## [What is needed]
Set down every record below exactly as written, but leave out the pictures.

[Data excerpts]
________________________________________
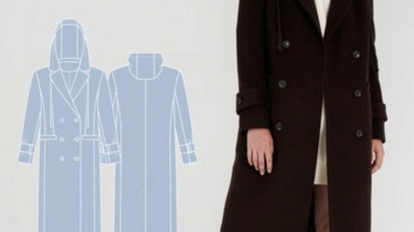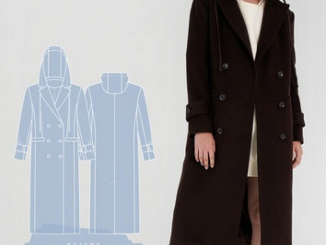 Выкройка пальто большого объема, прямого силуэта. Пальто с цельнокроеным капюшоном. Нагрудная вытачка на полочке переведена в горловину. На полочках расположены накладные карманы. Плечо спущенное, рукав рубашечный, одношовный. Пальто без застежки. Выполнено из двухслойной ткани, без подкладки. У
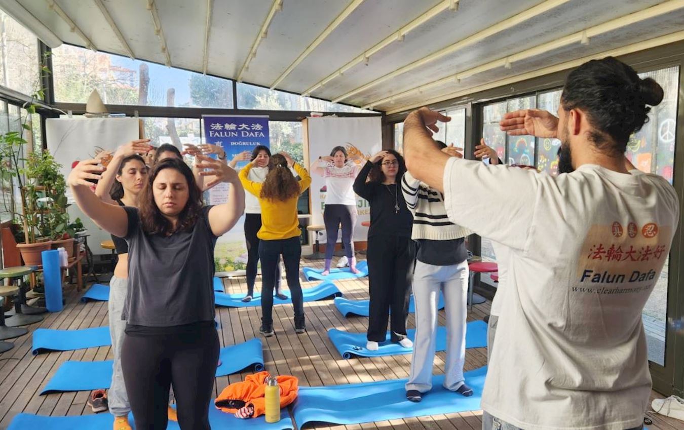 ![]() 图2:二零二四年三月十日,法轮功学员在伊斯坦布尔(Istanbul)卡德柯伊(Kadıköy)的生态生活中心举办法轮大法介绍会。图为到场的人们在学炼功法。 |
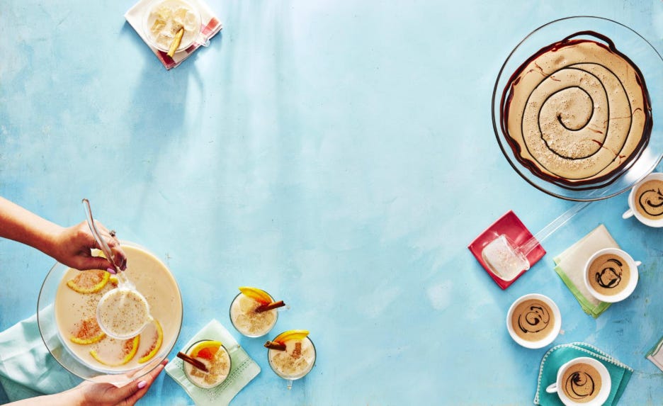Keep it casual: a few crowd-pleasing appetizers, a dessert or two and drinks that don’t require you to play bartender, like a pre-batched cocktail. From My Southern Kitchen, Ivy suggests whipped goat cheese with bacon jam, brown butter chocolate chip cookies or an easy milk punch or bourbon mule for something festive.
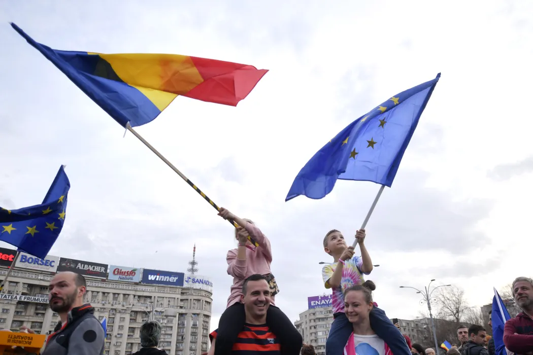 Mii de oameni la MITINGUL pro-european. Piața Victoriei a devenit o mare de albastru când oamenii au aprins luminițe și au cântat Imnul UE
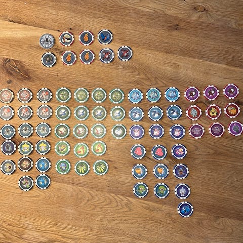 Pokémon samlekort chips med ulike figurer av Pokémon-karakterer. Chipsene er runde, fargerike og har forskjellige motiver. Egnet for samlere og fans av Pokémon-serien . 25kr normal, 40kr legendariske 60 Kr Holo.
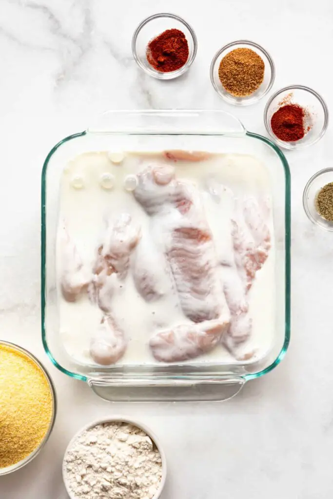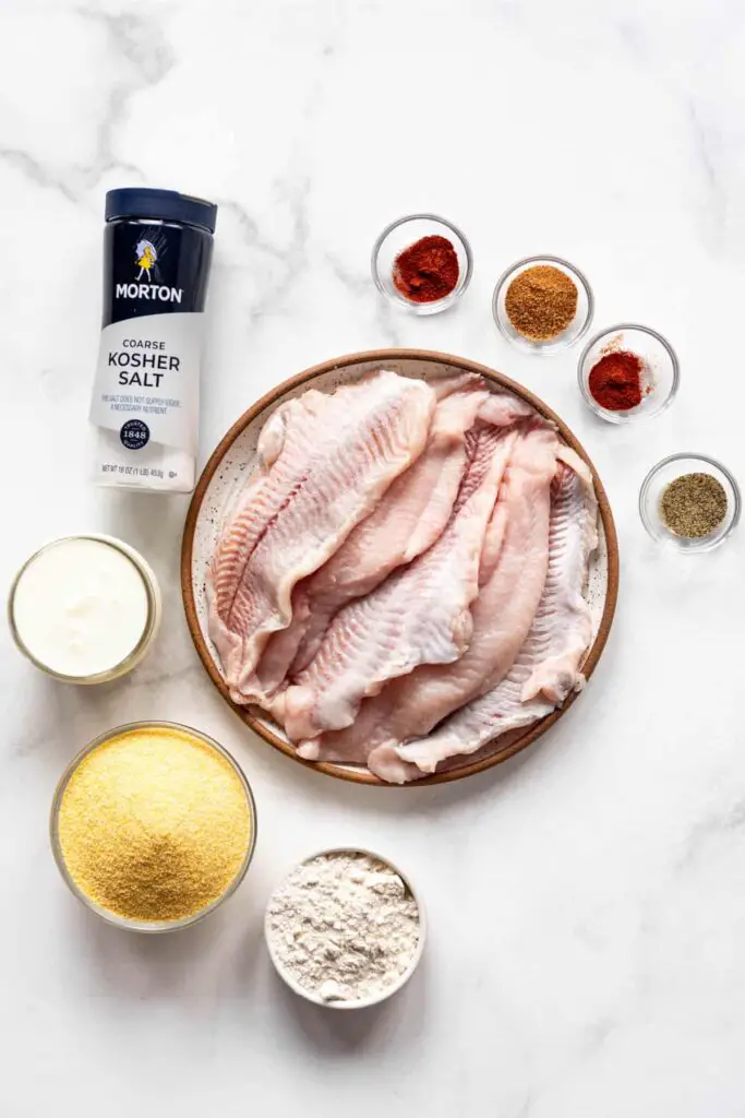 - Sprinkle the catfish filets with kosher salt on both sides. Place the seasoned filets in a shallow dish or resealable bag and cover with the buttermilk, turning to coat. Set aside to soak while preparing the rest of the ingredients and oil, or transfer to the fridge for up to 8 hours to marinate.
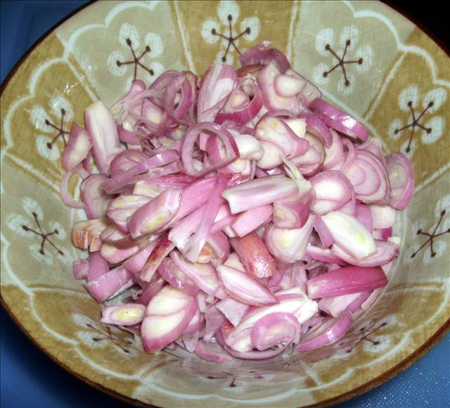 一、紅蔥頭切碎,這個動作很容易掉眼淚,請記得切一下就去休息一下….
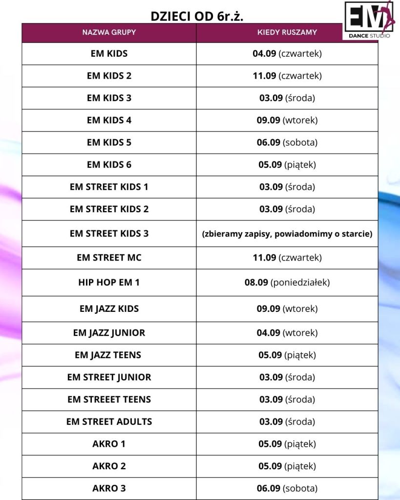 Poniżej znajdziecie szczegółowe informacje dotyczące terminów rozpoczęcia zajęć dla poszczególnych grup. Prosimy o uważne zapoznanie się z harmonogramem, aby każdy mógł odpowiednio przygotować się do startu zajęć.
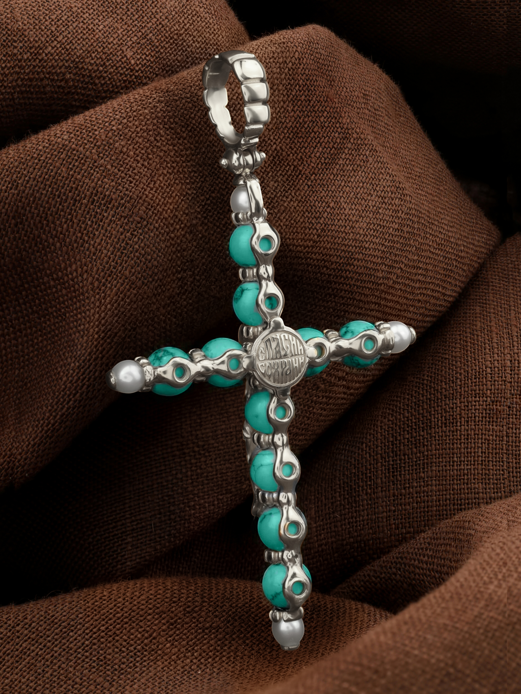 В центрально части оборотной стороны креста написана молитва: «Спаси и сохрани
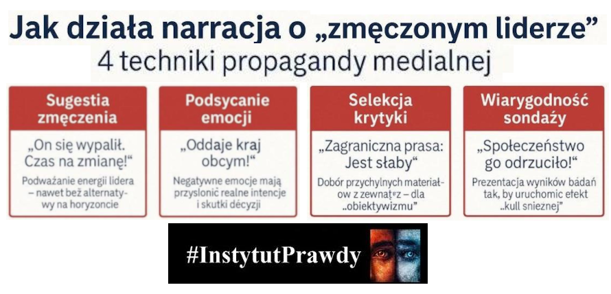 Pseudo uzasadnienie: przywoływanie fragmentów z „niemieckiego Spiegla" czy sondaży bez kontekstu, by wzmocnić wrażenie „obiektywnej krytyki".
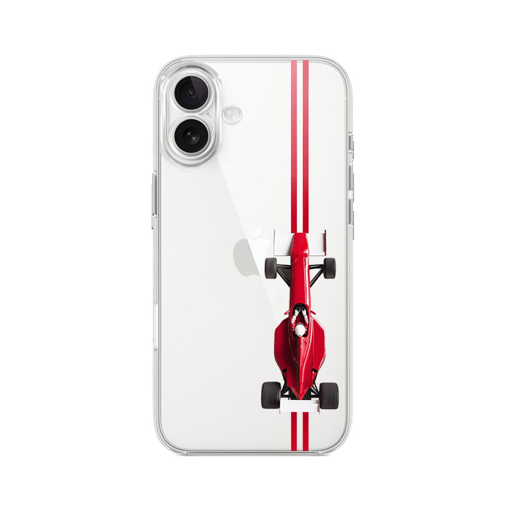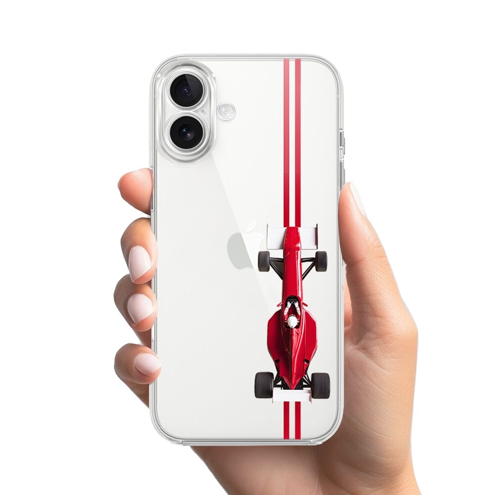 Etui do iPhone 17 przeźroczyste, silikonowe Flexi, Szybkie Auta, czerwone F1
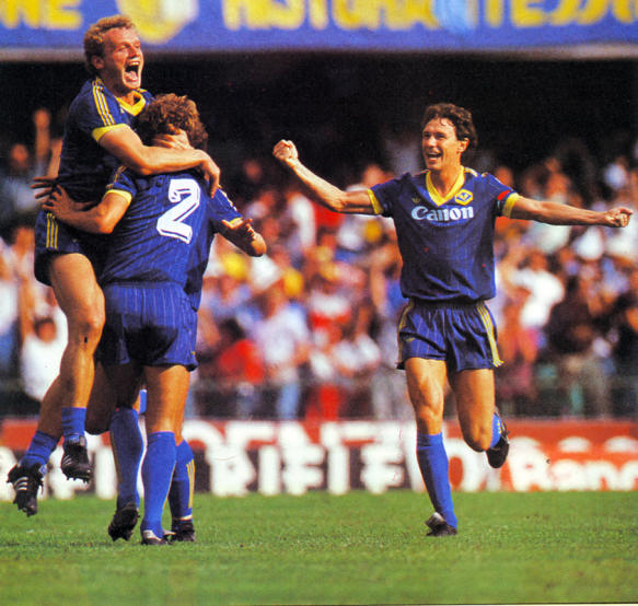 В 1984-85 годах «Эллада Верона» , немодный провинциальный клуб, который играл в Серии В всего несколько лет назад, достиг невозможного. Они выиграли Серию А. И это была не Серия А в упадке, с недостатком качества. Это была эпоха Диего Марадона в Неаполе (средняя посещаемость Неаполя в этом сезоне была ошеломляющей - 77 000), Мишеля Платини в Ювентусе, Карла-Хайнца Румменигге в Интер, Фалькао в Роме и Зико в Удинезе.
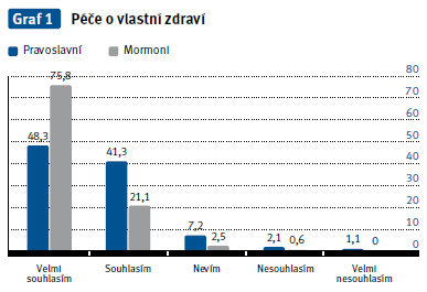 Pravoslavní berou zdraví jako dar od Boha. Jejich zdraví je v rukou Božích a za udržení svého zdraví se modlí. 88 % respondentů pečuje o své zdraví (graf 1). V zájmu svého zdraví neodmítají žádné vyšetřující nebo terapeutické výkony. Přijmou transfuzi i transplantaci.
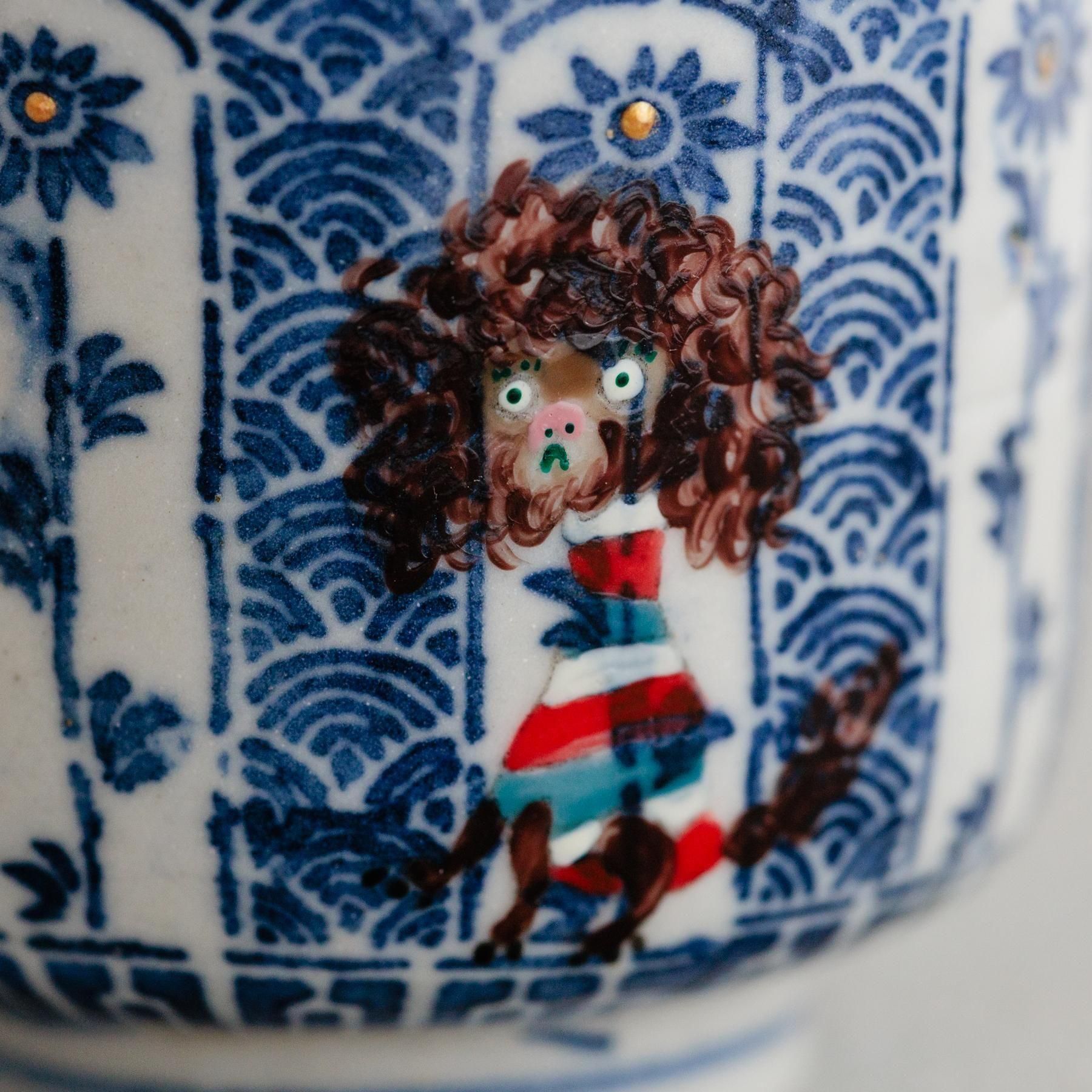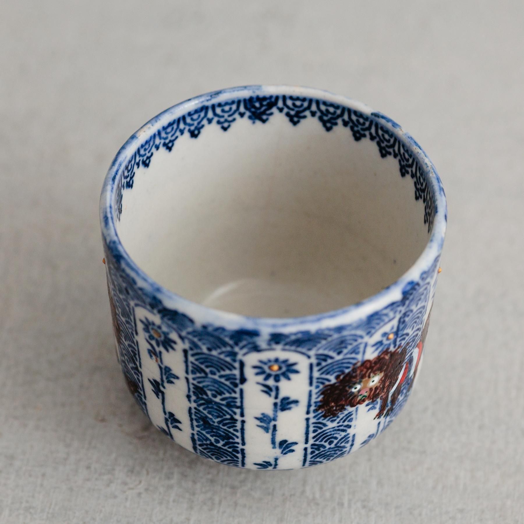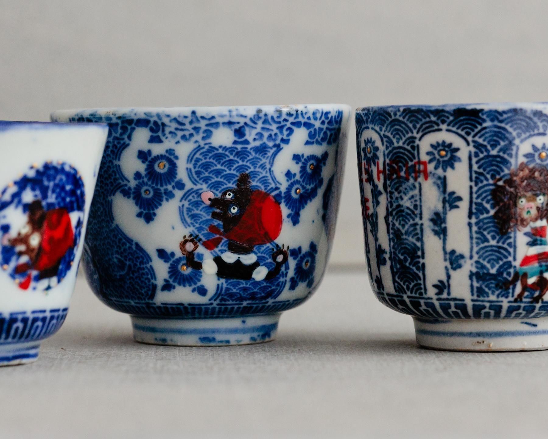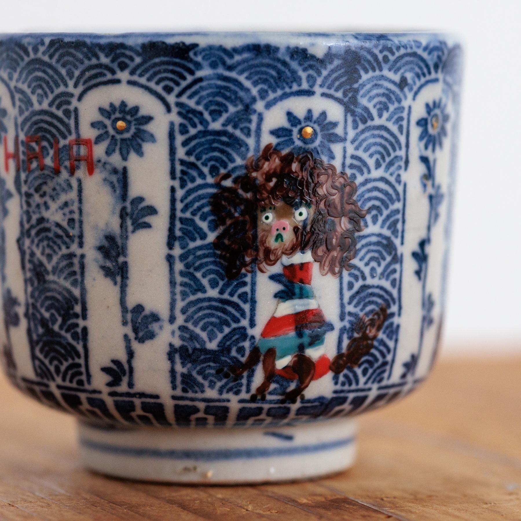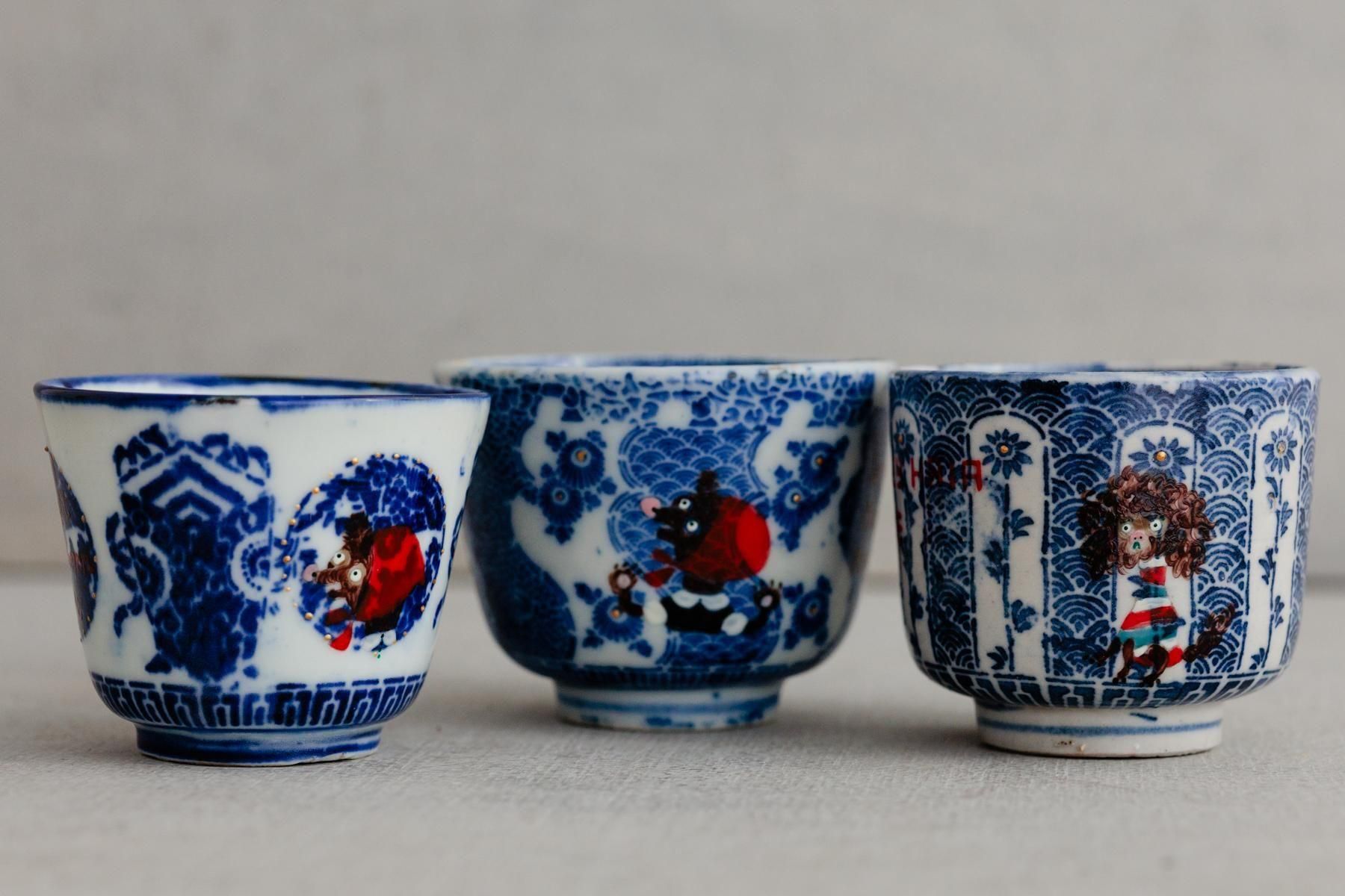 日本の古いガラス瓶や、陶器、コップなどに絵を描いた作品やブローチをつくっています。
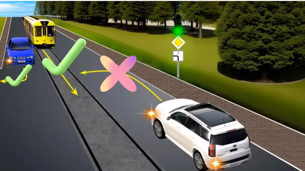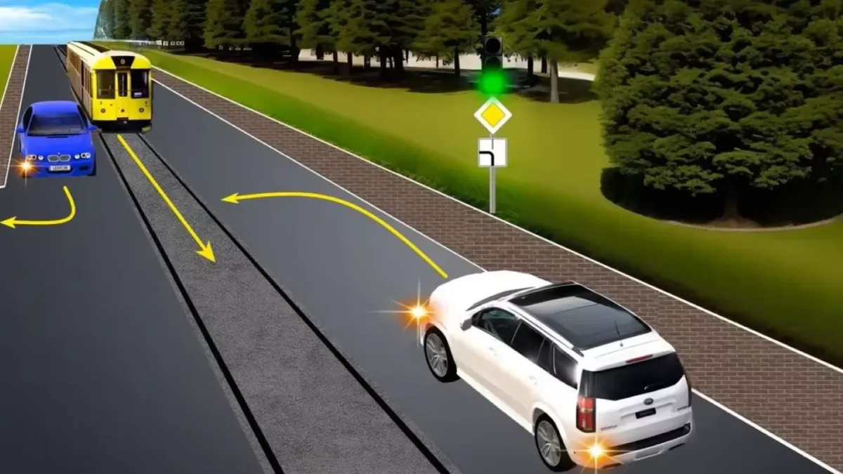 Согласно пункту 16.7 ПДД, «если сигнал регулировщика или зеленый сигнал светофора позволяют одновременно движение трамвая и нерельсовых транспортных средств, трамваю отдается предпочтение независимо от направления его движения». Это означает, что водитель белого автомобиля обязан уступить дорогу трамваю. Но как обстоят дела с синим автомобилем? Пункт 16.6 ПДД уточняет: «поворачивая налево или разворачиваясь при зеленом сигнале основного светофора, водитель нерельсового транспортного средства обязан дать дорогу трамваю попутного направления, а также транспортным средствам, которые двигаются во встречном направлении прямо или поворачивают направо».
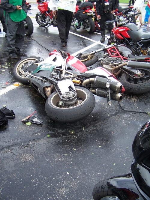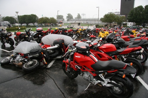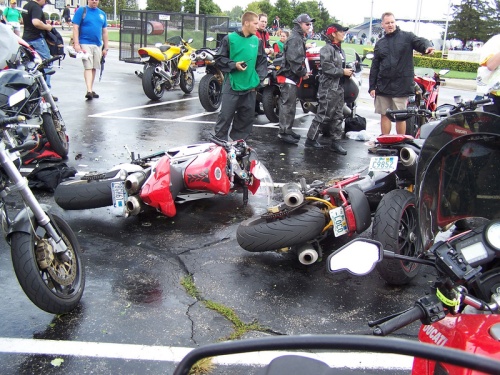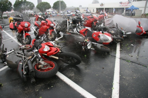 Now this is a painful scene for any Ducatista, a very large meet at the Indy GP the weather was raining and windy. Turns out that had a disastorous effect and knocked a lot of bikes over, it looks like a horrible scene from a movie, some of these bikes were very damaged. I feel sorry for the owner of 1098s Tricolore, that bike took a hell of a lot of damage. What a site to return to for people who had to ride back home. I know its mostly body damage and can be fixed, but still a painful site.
________________________________________
## [Task answer]
 Выкройка пальто большого объема, прямого силуэта. Пальто с цельнокроеным капюшоном. Нагрудная вытачка на полочке переведена в горловину. На полочках расположены накладные карманы. Плечо спущенное, рукав рубашечный, одношовный. Пальто без застежки. Выполнено из двухслойной ткани, без подкладки. У
 ![]() 图2:二零二四年三月十日,法轮功学员在伊斯坦布尔(Istanbul)卡德柯伊(Kadıköy)的生态生活中心举办法轮大法介绍会。图为到场的人们在学炼功法。 |
Keep it casual: a few crowd-pleasing appetizers, a dessert or two and drinks that don’t require you to play bartender, like a pre-batched cocktail. From My Southern Kitchen, Ivy suggests whipped goat cheese with bacon jam, brown butter chocolate chip cookies or an easy milk punch or bourbon mule for something festive.
 Mii de oameni la MITINGUL pro-european. Piața Victoriei a devenit o mare de albastru când oamenii au aprins luminițe și au cântat Imnul UE
 Pokémon samlekort chips med ulike figurer av Pokémon-karakterer. Chipsene er runde, fargerike og har forskjellige motiver. Egnet for samlere og fans av Pokémon-serien . 25kr normal, 40kr legendariske 60 Kr Holo.
 - Sprinkle the catfish filets with kosher salt on both sides. Place the seasoned filets in a shallow dish or resealable bag and cover with the buttermilk, turning to coat. Set aside to soak while preparing the rest of the ingredients and oil, or transfer to the fridge for up to 8 hours to marinate.
 一、紅蔥頭切碎,這個動作很容易掉眼淚,請記得切一下就去休息一下….
 Poniżej znajdziecie szczegółowe informacje dotyczące terminów rozpoczęcia zajęć dla poszczególnych grup. Prosimy o uważne zapoznanie się z harmonogramem, aby każdy mógł odpowiednio przygotować się do startu zajęć.
 В центрально части оборотной стороны креста написана молитва: «Спаси и сохрани
 Pseudo uzasadnienie: przywoływanie fragmentów z „niemieckiego Spiegla" czy sondaży bez kontekstu, by wzmocnić wrażenie „obiektywnej krytyki".
 Etui do iPhone 17 przeźroczyste, silikonowe Flexi, Szybkie Auta, czerwone F1
 В 1984-85 годах «Эллада Верона» , немодный провинциальный клуб, который играл в Серии В всего несколько лет назад, достиг невозможного. Они выиграли Серию А. И это была не Серия А в упадке, с недостатком качества. Это была эпоха Диего Марадона в Неаполе (средняя посещаемость Неаполя в этом сезоне была ошеломляющей - 77 000), Мишеля Платини в Ювентусе, Карла-Хайнца Румменигге в Интер, Фалькао в Роме и Зико в Удинезе.
 Pravoslavní berou zdraví jako dar od Boha. Jejich zdraví je v rukou Božích a za udržení svého zdraví se modlí. 88 % respondentů pečuje o své zdraví (graf 1). V zájmu svého zdraví neodmítají žádné vyšetřující nebo terapeutické výkony. Přijmou transfuzi i transplantaci.
 日本の古いガラス瓶や、陶器、コップなどに絵を描いた作品やブローチをつくっています。
 Согласно пункту 16.7 ПДД, «если сигнал регулировщика или зеленый сигнал светофора позволяют одновременно движение трамвая и нерельсовых транспортных средств, трамваю отдается предпочтение независимо от направления его движения». Это означает, что водитель белого автомобиля обязан уступить дорогу трамваю. Но как обстоят дела с синим автомобилем? Пункт 16.6 ПДД уточняет: «поворачивая налево или разворачиваясь при зеленом сигнале основного светофора, водитель нерельсового транспортного средства обязан дать дорогу трамваю попутного направления, а также транспортным средствам, которые двигаются во встречном направлении прямо или поворачивают направо».
 Now this is a painful scene for any Ducatista, a very large meet at the Indy GP the weather was raining and windy. Turns out that had a disastorous effect and knocked a lot of bikes over, it looks like a horrible scene from a movie, some of these bikes were very damaged. I feel sorry for the owner of 1098s Tricolore, that bike took a hell of a lot of damage. What a site to return to for people who had to ride back home. I know its mostly body damage and can be fixed, but still a painful site.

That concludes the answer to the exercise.